### About this task
Where does "retaining" appear in the data? Return each line that holds it.

### Excerpted records
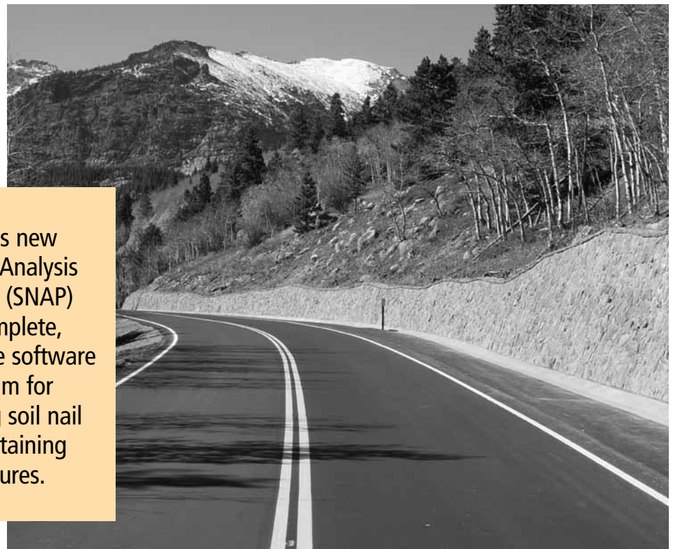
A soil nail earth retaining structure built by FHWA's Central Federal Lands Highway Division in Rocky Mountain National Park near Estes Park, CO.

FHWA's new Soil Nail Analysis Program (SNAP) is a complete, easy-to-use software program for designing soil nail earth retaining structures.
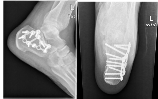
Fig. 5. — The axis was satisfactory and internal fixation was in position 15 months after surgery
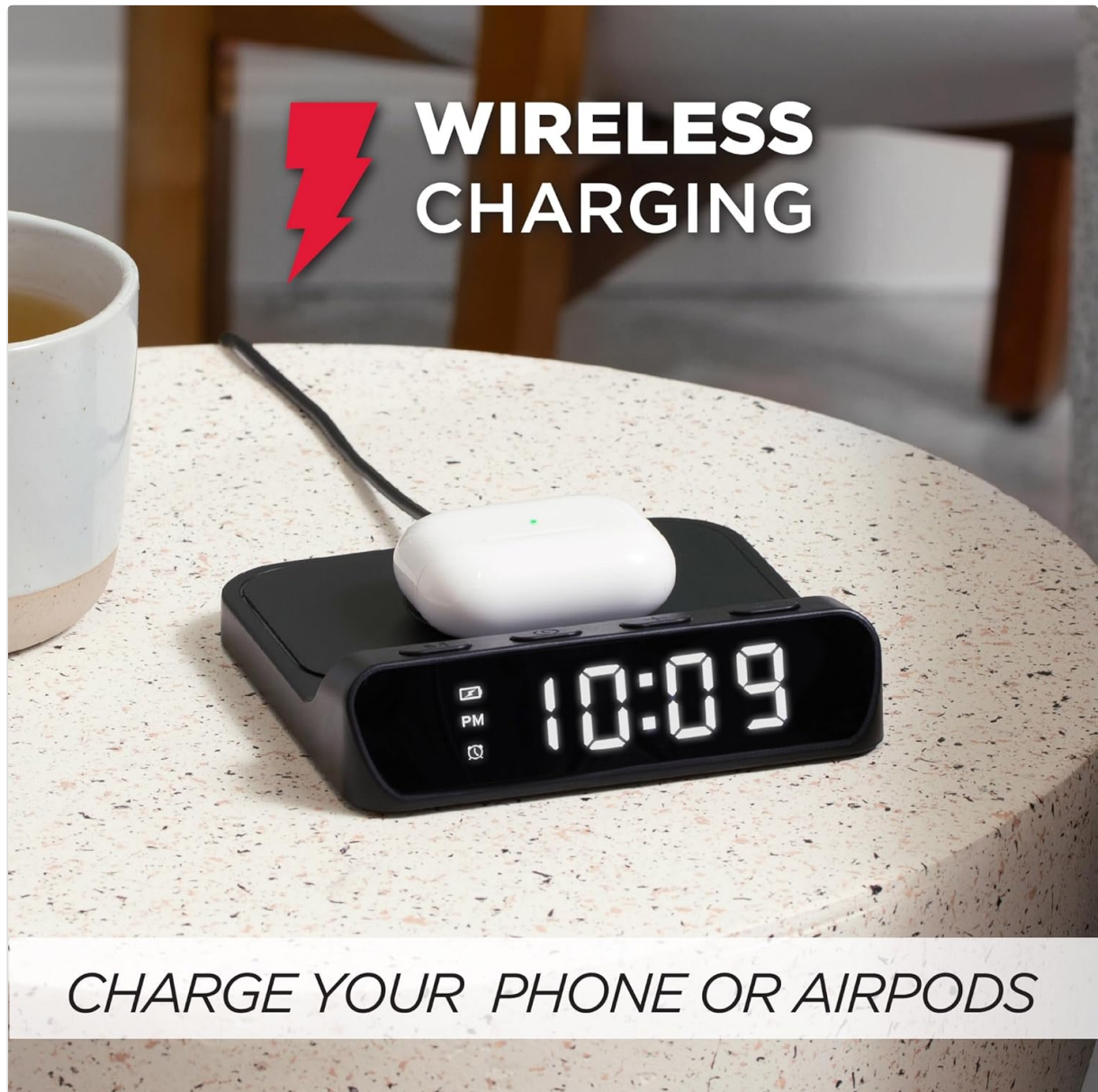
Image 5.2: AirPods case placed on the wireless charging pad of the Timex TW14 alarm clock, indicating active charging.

--

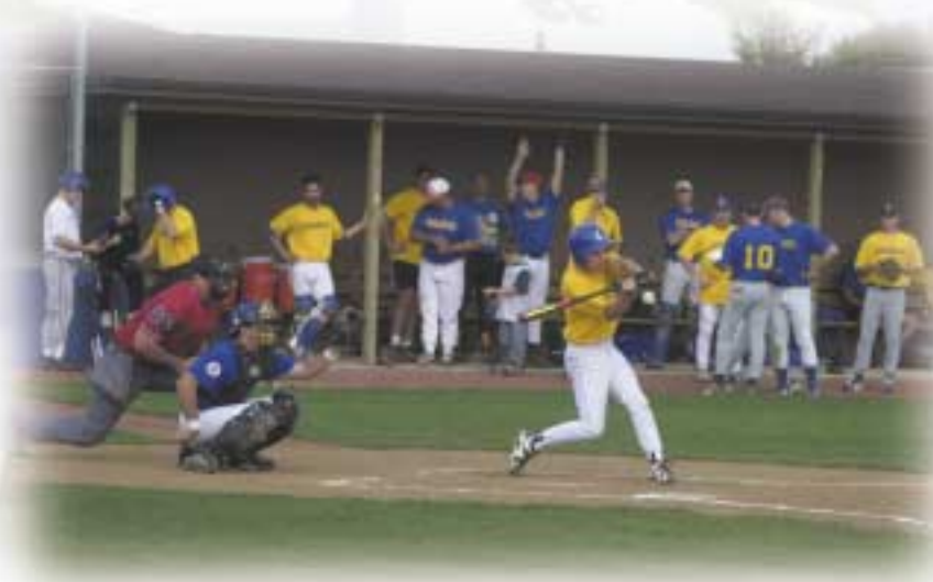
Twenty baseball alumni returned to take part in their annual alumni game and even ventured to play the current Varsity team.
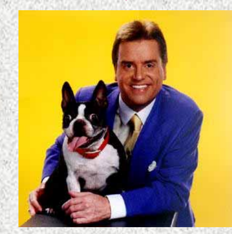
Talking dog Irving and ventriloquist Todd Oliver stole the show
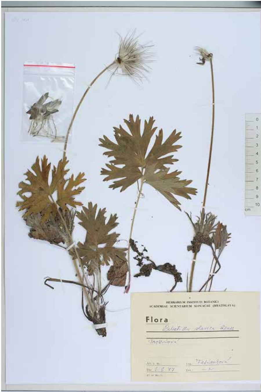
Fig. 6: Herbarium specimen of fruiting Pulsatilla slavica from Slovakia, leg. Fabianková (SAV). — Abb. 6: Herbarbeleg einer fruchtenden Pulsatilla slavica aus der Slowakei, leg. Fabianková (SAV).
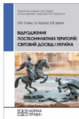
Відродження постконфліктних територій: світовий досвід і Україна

--

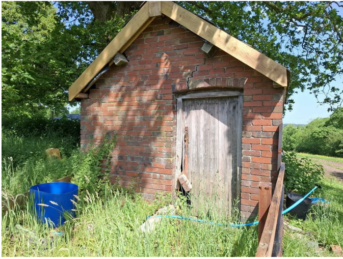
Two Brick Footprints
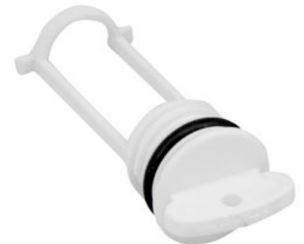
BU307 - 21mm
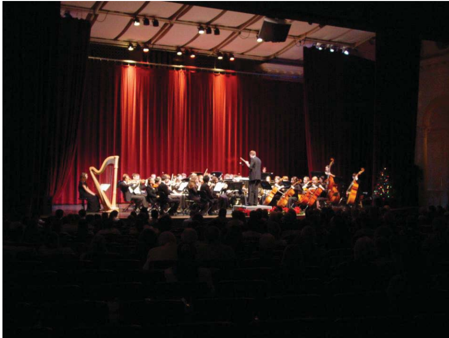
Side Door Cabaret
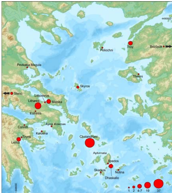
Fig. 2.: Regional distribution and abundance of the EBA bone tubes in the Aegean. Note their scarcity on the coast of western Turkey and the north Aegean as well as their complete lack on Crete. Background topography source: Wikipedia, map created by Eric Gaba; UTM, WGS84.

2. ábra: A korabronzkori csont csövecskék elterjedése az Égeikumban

### Result of this exercise
A soil nail earth retaining structure built by FHWA's Central Federal Lands Highway Division in Rocky Mountain National Park near Estes Park, CO.
FHWA's new Soil Nail Analysis Program (SNAP) is a complete, easy-to-use software program for designing soil nail earth retaining structures.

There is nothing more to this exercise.